Tapi, kemudian Ira dilamar lagi oleh seorang nenek untuk menjadi istri dari cucu kesayangannya. Nenek itu pernah di tolong Shahira beberapa waktu yang lalu.
Karya ini diterbitkan atas izin NovelToon Nur Aini, isi konten hanyalah pandangan pribadi pembuatnya, tidak mewakili NovelToon sendiri
Bab 15
Sepulang dari pertemuannya dengan Randi, Ira menjadi lebih pendiam. Begitu banyak pertanyaan dikepalanya yang membuatnya merasakan pusing dan bahkan sampai mengalami muntah.
Marni yang melihat keadaan itu tidak tinggal diam. Dia tersenyum senang karena mengira Ira mungkin hamil. Tanpa pikir panjang, dia menelpon Nicho dan menceritakan apa yang terjadi pada Ira.
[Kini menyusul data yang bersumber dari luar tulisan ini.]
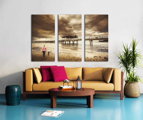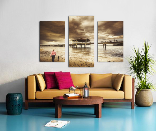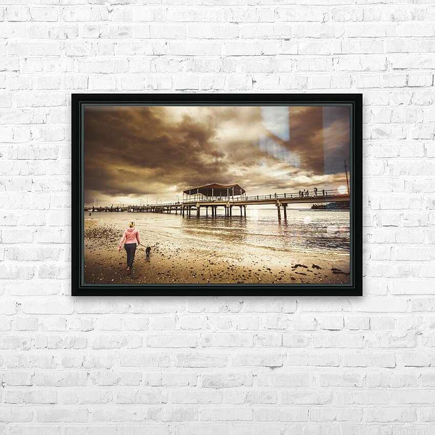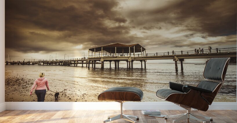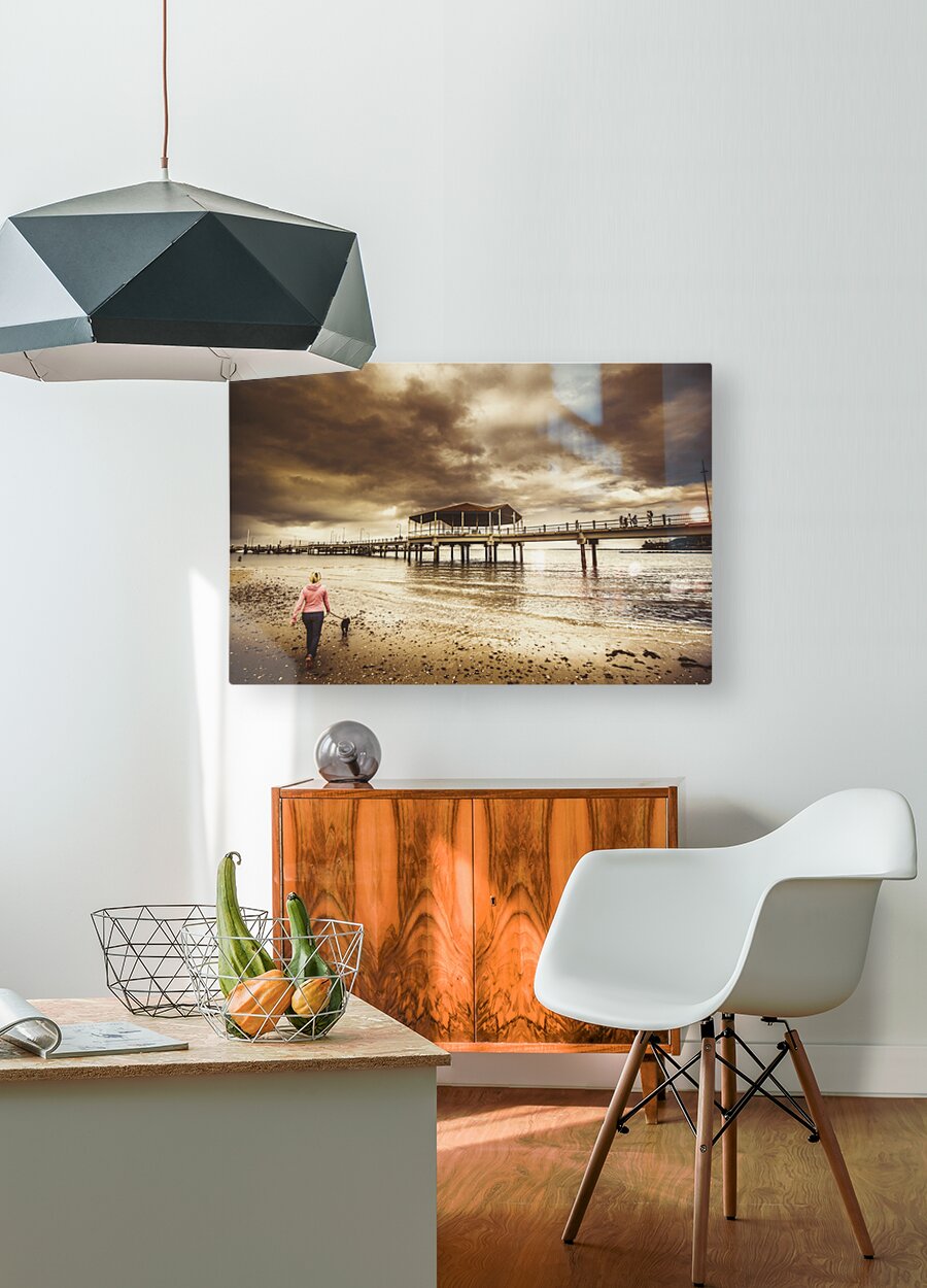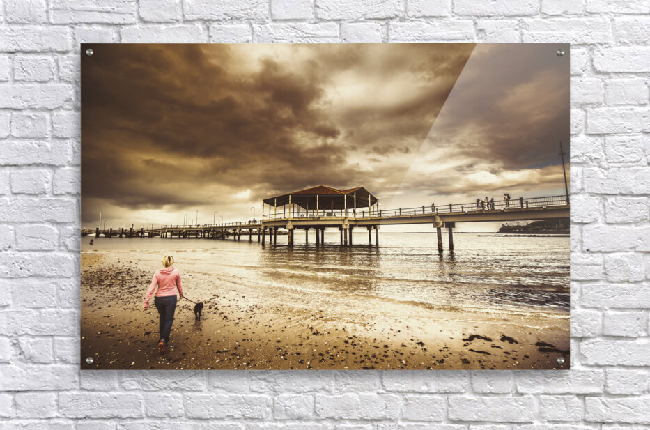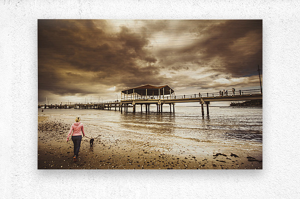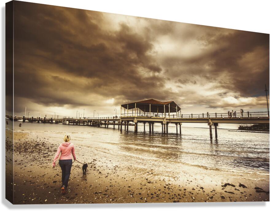 Contrasted lifestyle imagery of a woman walking dog on stormy beach by large jetty. Taken Redcliffe Queensland Australia
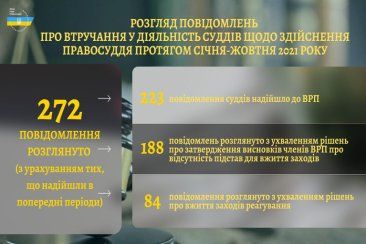 Із початку року до ВРП надійшло 223 повідомлення про втручання у діяльність суддів щодо здійснення правосуддя та дії, що порушують гарантії незалежності суддів або підривають авторитет правосуддя. З урахуванням повідомлень, які надійшли в попередні періоди, за перші десять місяців 2021 року Рада розглянула272 повідомлення.
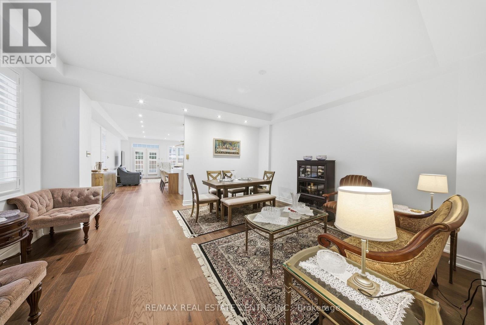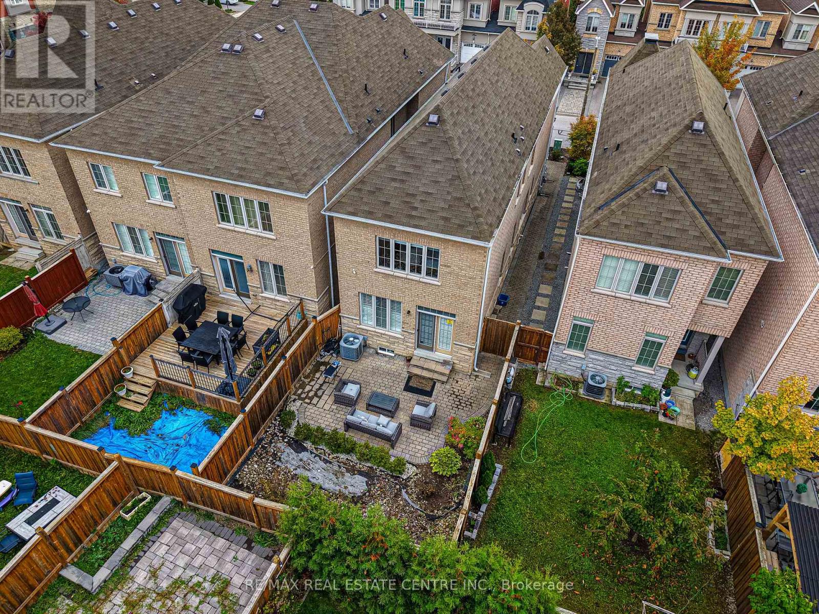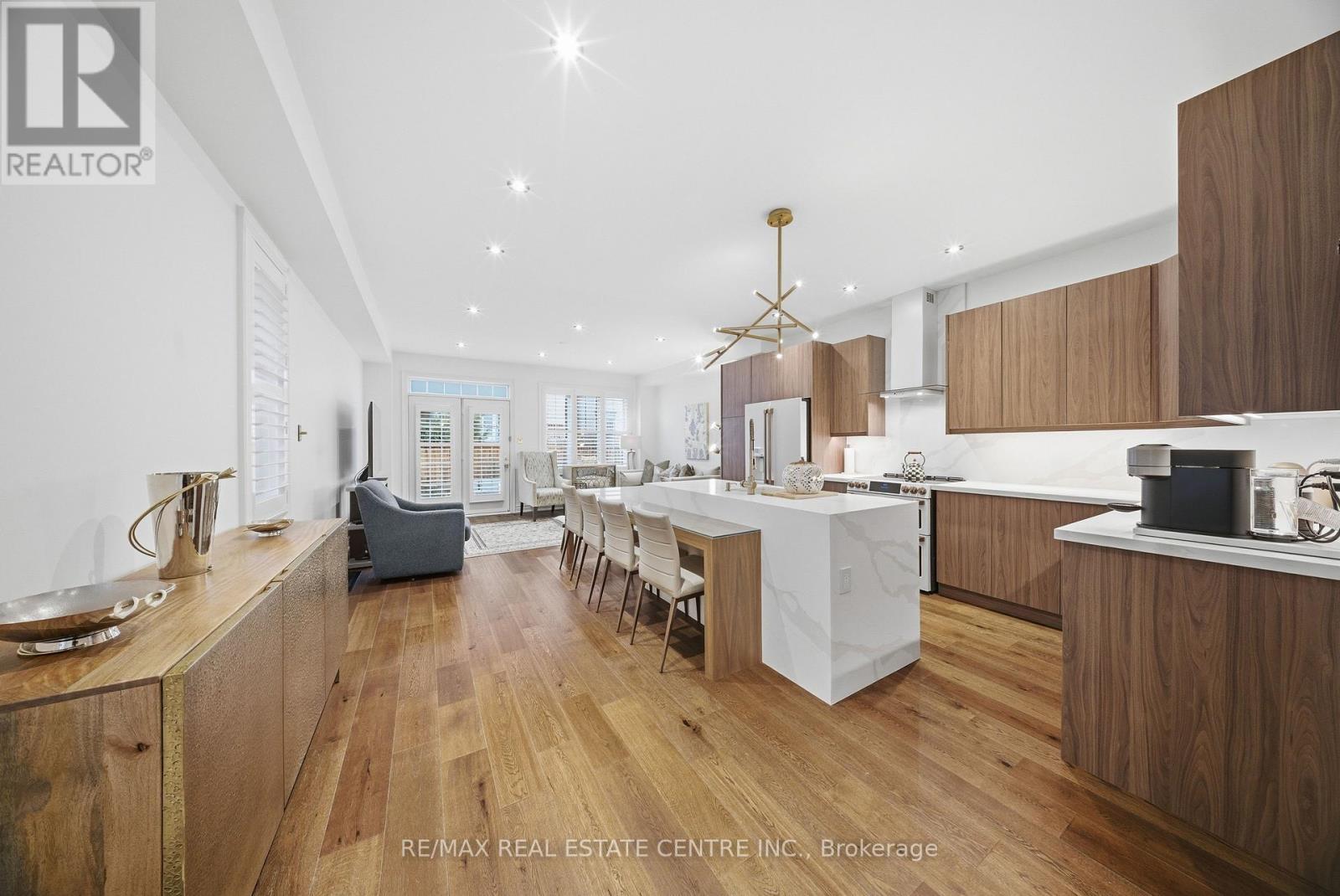 Experience the pinnacle of luxury living in the heart of Thornhill Woods with this absolutely stunning linked home (linked by garage only) spanning 2,217 sq. ft. Meticulously upgraded with up to $90k in enhancements, this residence exudes style and sophistication from its striking stone façade to the beautifully interlocked front and backyard. Step inside to discover soaring 9-foot ceilings on the main and second floors, smooth finishes, and hardwood flooring throughout, complemented by California/Max Mara shutters on the main floor and elegant blinds upstairs. The gourmet, open-concept kitchen is a chef's dream, featuring a center island with built-in glass-top breakfast table, maple cabinetry, granite countertops, stylish backsplash, high-end GE Café appliances with warranty, and an additional fridge in the basement, all illuminated by thoughtfully placed pot lights. Relax in the inviting living room or enjoy a quiet moment in the study nook. The primary suite offers a 5-piece spa-inspired ensuite and dual closets for ultimate comfort. Additional touches such as upgraded light fixtures, access from the garage, and a new hot water tank rental underscore the attention to detail and modern convenience. This home is a rare combination of elegance, functionality, and prime location, offering a lifestyle of unparalleled refinement in Thornhill Woods. (id:4555)

"Kamu masih mual, nak?" tanya Marni yang kembali mendekati Ira dan mengelus punggungnya.
Hwuekkk
Hwuekkk
Ira masih terus muntah, sampai kepalanya terasa semakin sakit dan bahkan suhu tubuhnya memanas.
"Ra, kamu demam nak. Panasnya tinggi sekali." Marni panik. Dengan tertatih dia merangkul Ira menuju kamar.
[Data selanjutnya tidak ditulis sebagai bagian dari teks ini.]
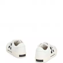Crafted with a high-quality 100% cotton upper, these sneakers offer a breathable, soft feel, making them ideal for all-day wear. The sturdy rubber sole ensures durability, while the flat design provides the perfect balance between support and comfort. A distinctive zipper tie tag adds a touch of rebellious flair to the design, while the contrasting logo on the heel completes the look with a subtle but bold branding statement.
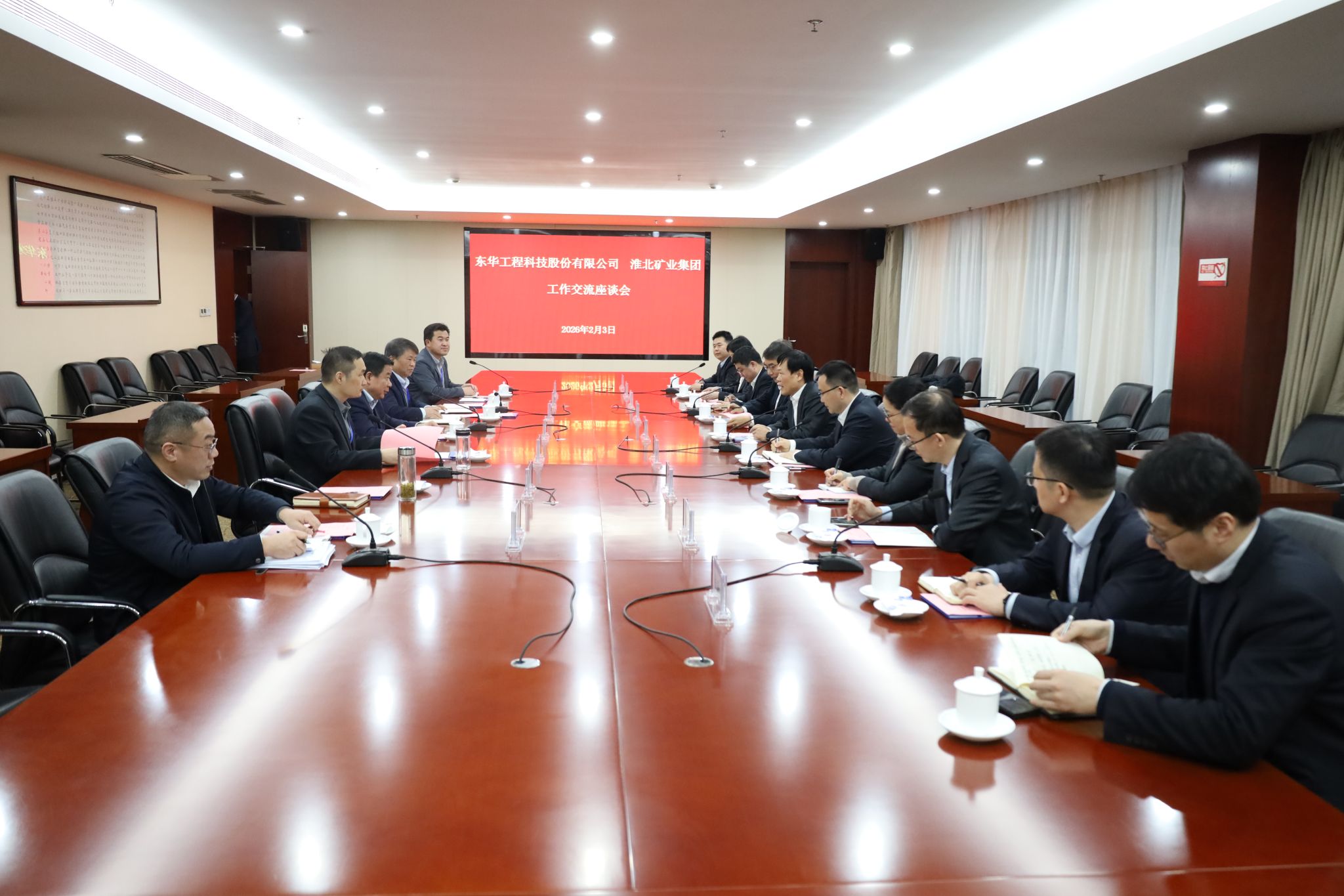 2月3日,淮北礦業集團與東華工程科技公司舉行工作交流座談會?;幢钡V業集團黨委書記、董事長、總經理孫方,淮北礦業財務總監殷召峰;東華工程科技公司黨委書記、董事長李立新,黨委副書記、總經理孟陳周,黨委委員、副總經理葉平,以及雙方相關部門負責人參加座談。
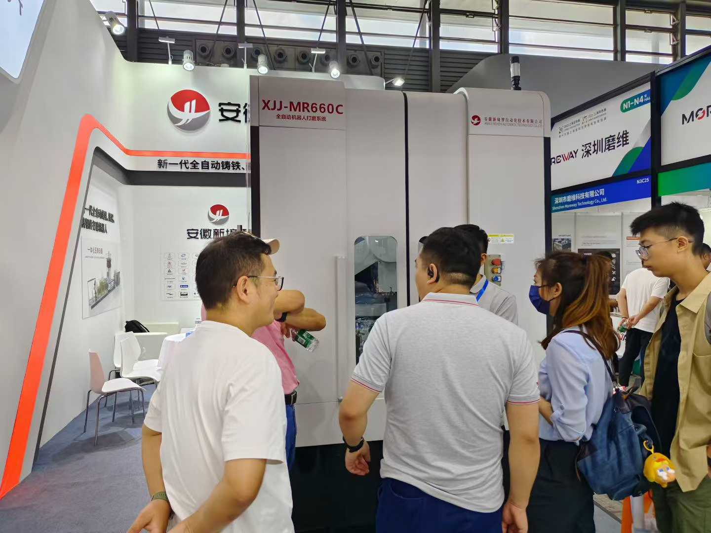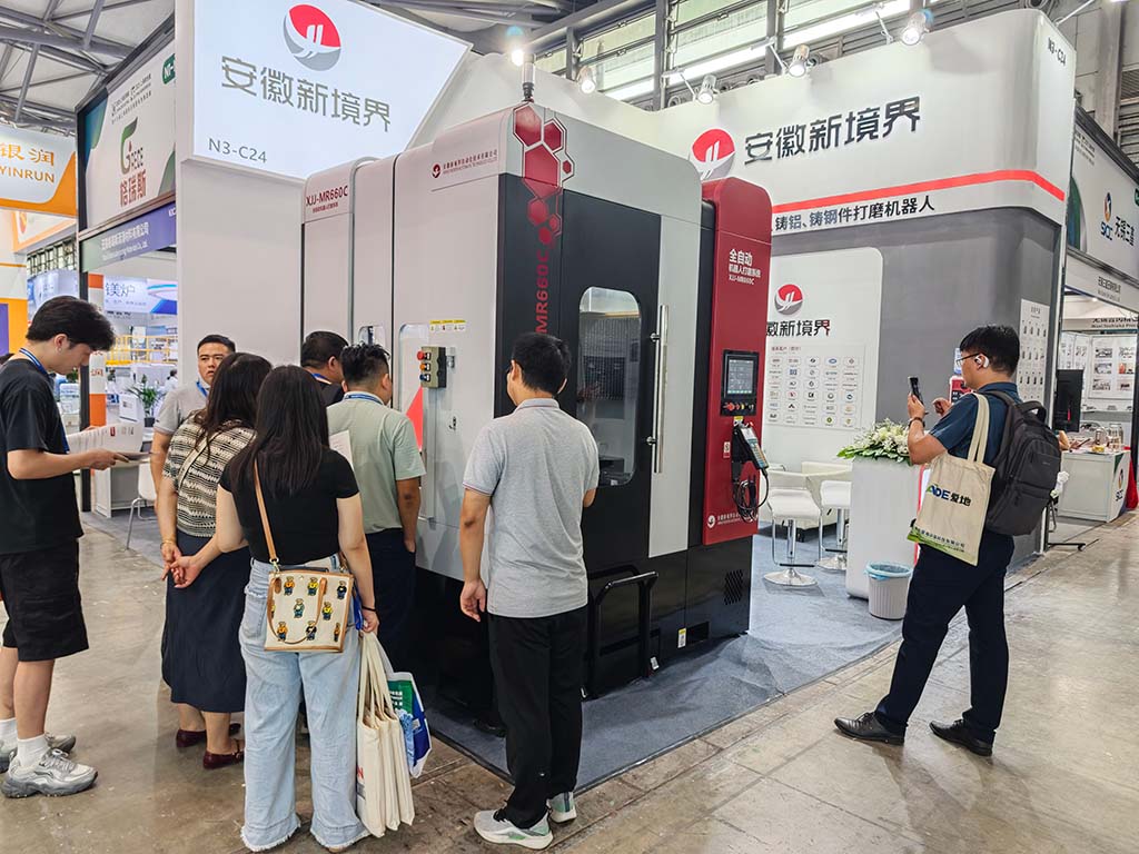 在展會(huì)現(xiàn)場(chǎng),新境界展位前人頭攢動(dòng)。MR-660C 鋁件打磨機(jī)器人一經(jīng)展示,便憑借其高效、精準(zhǔn)、智能的特點(diǎn),迅速成為全場(chǎng)焦點(diǎn)。國(guó)內(nèi)外觀眾紛紛被機(jī)器人流暢的打磨動(dòng)作、穩(wěn)定的運(yùn)行狀態(tài)所吸引,不少人停下腳步,仔細(xì)觀察機(jī)器人的工作過(guò)程,向工作人員詳細(xì)咨詢?cè)O(shè)備的性能參數(shù)、適用場(chǎng)景、操作方式等信息。

"Ibu sudah menelpon Nicho. Sebentar lagi dia akan tiba. Ibu juga menelpon adik, ibu pikir kamu harus diperiksa."
Ira tidak mengatakan apapun. Pandangannya kosong dan dia berakhir pingsan. Untunglah saat pingsan, tubuhnya sudah terbaring di atas ranjangnya.
Tidak berselang lama, Aluna dan Nicho tiba bersamaan. Tentu saja Nicho memberi tumpangan pada Aluna, karena memang tadi mereka berada di apartemen yang sama.
"Buk, apa yang terjadi? Kakak kenapa?" Tanya Aluna dengan wajah khawatirnya.
"Tadi kakakmu muntah muntah..."
Nicho menerobos masuk ke kamar, mengabaikan mertuanya dan Aluna yang masih berbincang.
"Sha... Shahira..." panggil Nicho dengan suara sangat lembut.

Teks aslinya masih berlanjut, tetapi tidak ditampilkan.